Meiering: Well, we have already said a few days ago, we have to stop all meetings in our parishes, all meetings of the groups, committees and associations – about as long as now the schools are suspended. This concerns many areas: Children's groups, youth groups, old people's groups, choirs, the whole First Communion preparation. That shakes everything up quite a bit. And of course we are also asking ourselves with the pastoral team here in downtown Cologne: What will this do to our congregations??

But I think it needs calm and trust. Trust above all in the state authorities and in those responsible in our archdiocese. Each of us knows things better. It's like soccer. There are so and so many soccer coaches who know exactly what should have been done or should be done here. I think it is important that there are people who have responsibility, who do not only look at the individual, but at the whole. And even though we may not understand or be able to personally assess things, we have to trust that these people are doing it well.

We also need trust in humanity, that we look out for each other and realize where someone needs help, where someone is perhaps not well, where I could help someone by doing errands, whom could I call?. I think it's a bit like an unintentional retreat. My everyday life is interrupted and I become someone completely different – forced to do so. What does that mean for me and my everyday life? We have to develop trust in ourselves and in our fellow human beings – and of course trust in God. We can do that through prayer.

This basic trust in those responsible, in humanity, in God – perhaps we can learn this existentially anew in these days.

Interviewer: How do you deal with this as a pastoral team? Is there a need for more discussion among the community members??

Meiering: We'll see about that now. We noticed yesterday that the phone, WhatsApp and all social media were running hot. People have all kinds of questions. That keeps us on our toes. It starts in the kindergarten with the kindergarten mother and ends in the old people's home with the question, how is it now with the communion of the sick?? It really does affect the whole lifespan – to the point of thinking, how do we now organize the burial in the cemetery when the exequies – the masses beforehand in the church – no longer take place.

There are lots of things to organize and plan now. Life seems to be at a standstill, but in the hearts of the people it is of course totally agitated. We want to deal with this now calmly with the pastors and try to be with the people. I believe that the most important thing now is to take a serious and good look at all the many questions, concerns and needs and to talk about them with each other. Sharing that with each other and working through it as we can. We are capable of acting in many things. We act to the best of our conscience and knowledge, which is imperfect. But to share that with each other, that's already worth a lot.

Interviewer: Many bars and restaurants remain closed or have certain requirements they must adhere to. Will Cologne Cathedral also close in the foreseeable future?

Meiering: We do not intend to do that. The cathedral is not so high on the danger scale. It's a big space that continues to be well ventilated. If there are no shared services in the next few days and weeks, it's fine to go there on your own. It's almost like being out in the fresh air.
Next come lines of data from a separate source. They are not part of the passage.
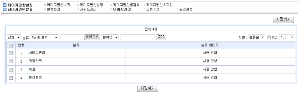 | (4) 권한관리 : 해당 분류에 권한을 적용하고자 할 때는 사용함을 설정합니다. |
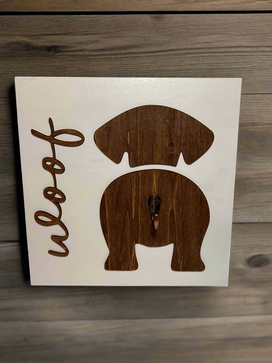 12x12 wall art that also serves as a dog leash hanger. The pup's tail is the ideal hook for leash storage.
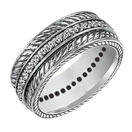 F289 925 Silver Wedding Band Ring With Round Diamond Channel Setting Plant Pattern Unisex Fine Jewelry
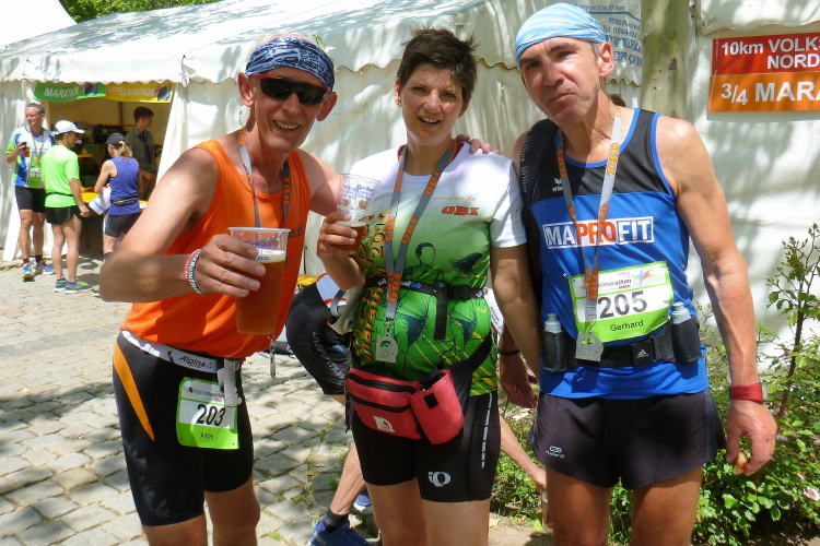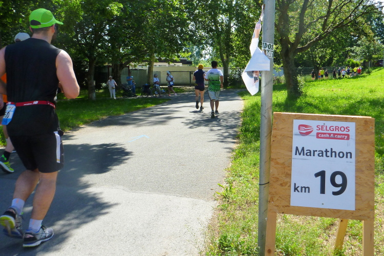 Pfadfinder weisen uns kurz vor dem Ziel den Weg: Marathonis und Dreiviertelmarathonis rechts, die Halbmarathonis dürfen links ins Ziel. Ich fühle mich gut, so dass ich an eine Abkürzung auf die Halbdistanz überhaupt nicht denke. Ich werde noch von der Moderatorin angekündigt und verpflege dann ein paar Meter weiter. Schade, dass es hier bei der Halbzeit kein Bier gibt. Das nächste Mal muss ich mir das von den Finishern des Halben reichen lassen.
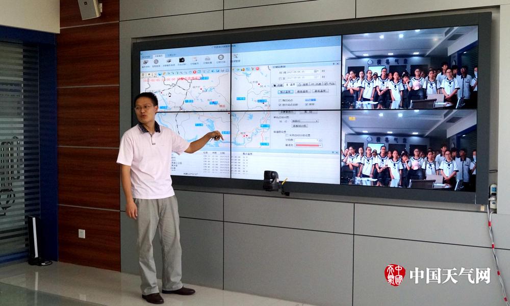 气象工作人员讲解百叶箱(摄影:蔡云)
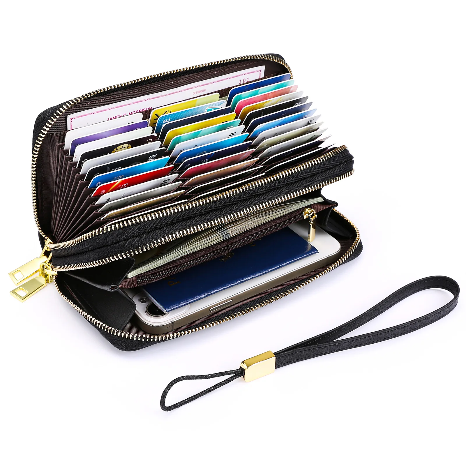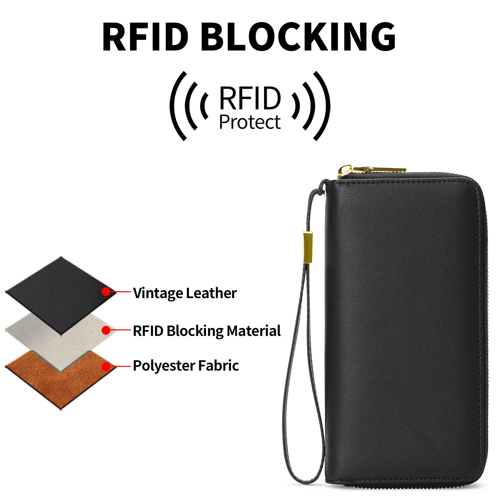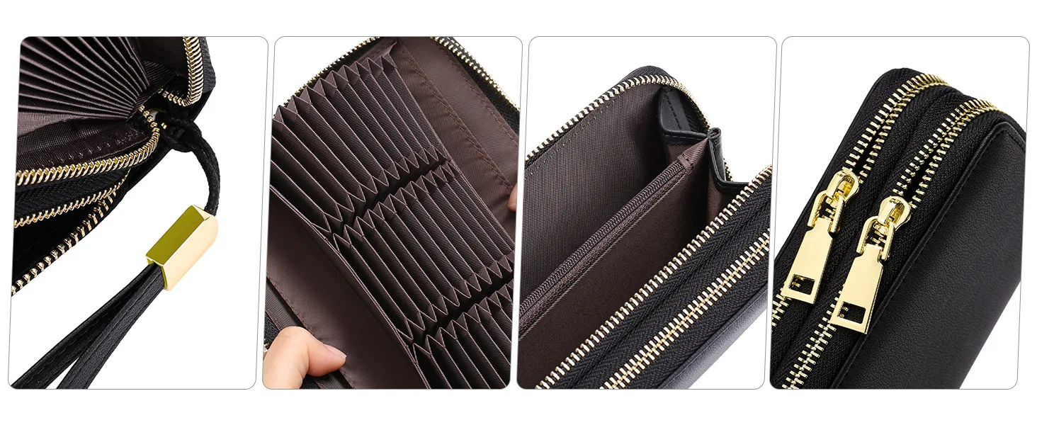 - > Longo feminino rfid anti-roubo saco de cartão de crédito couro do plutônio embreagem titular do passaporte carteira masculina feminina billetera embreagem
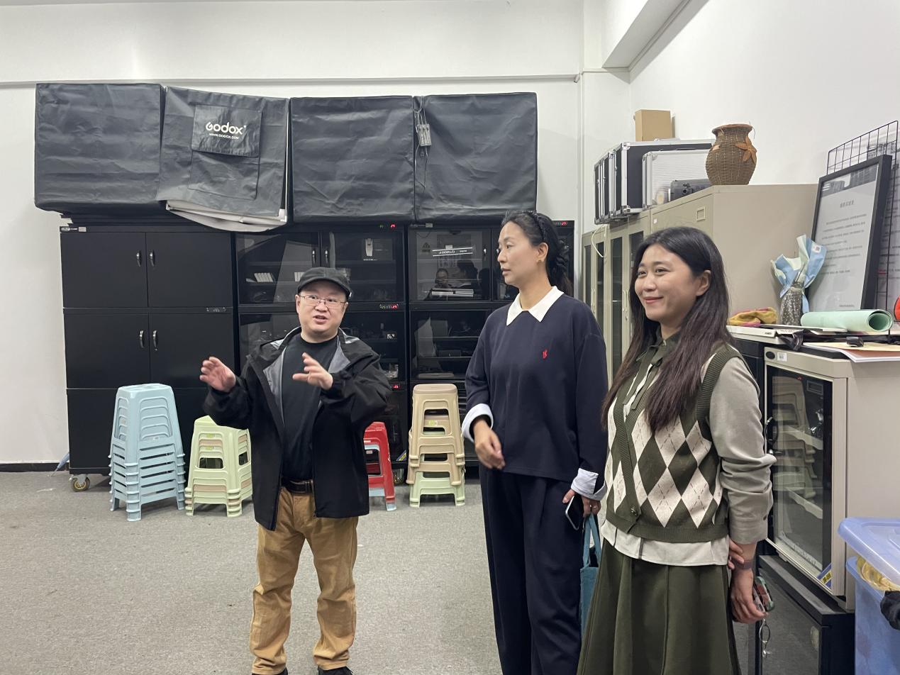 3月27日,武汉市光谷第十小学学生成长中心副主任周旋、美术备课组长岳新银一行莅临beat365英国正版唯一网址美术学院民族美术国家级实验教学示范中心参观交流,美术学院副院长、示范中心副主任夏晋陪同参观。
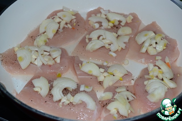 Грудку куриную нарезать небольшими тонкими кусочками. Поперчить и посолить. Курицу выложить в сковороду, посыпать чесноком и луком.
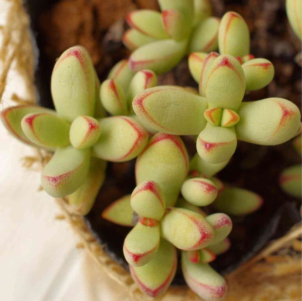 少し角ばったフィンガーチョコレートのように細く丸い葉っぱをムチムチとつけ、冬には先っぽが赤く色づくパキフィツムのような可愛らしさいっぱいのクラッスラ。コチレドンにも雰囲気が似ています。
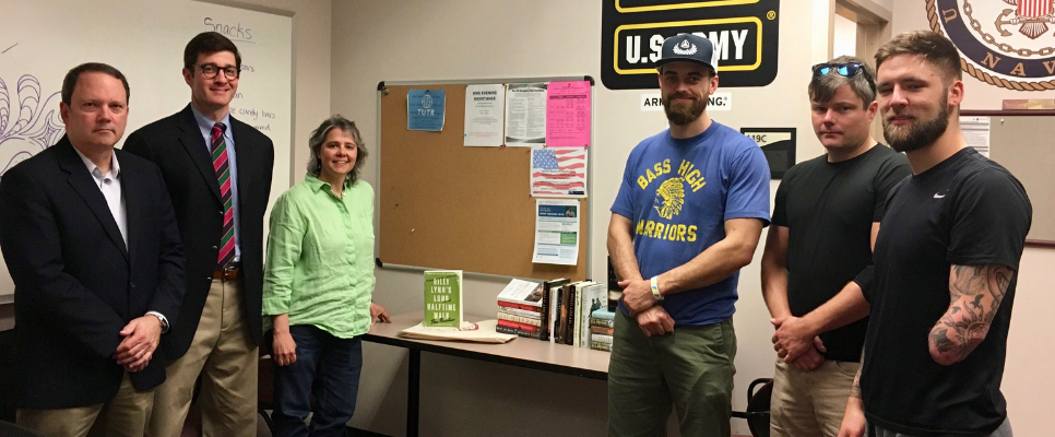 The Alpha Upsilon Phi Chapter at the University of North Georgia, Gainesville use their Chapter Service Project Grant to deliver bags filled with brand new books to the Military Resource Center Lending Library.

But we will of course monitor the situation closely. This affects all our church houses, institutions and churches. And then we will look closely at what is to be done. We realize that the situation can sometimes change within a few hours. Yesterday I wrote three messages to my staff, each with a different content, because the factual situation has changed again and again. But I think now we have a status to go on with for the next days. And then it will be seen what happens next.

The interview was conducted by Katharina Geiger.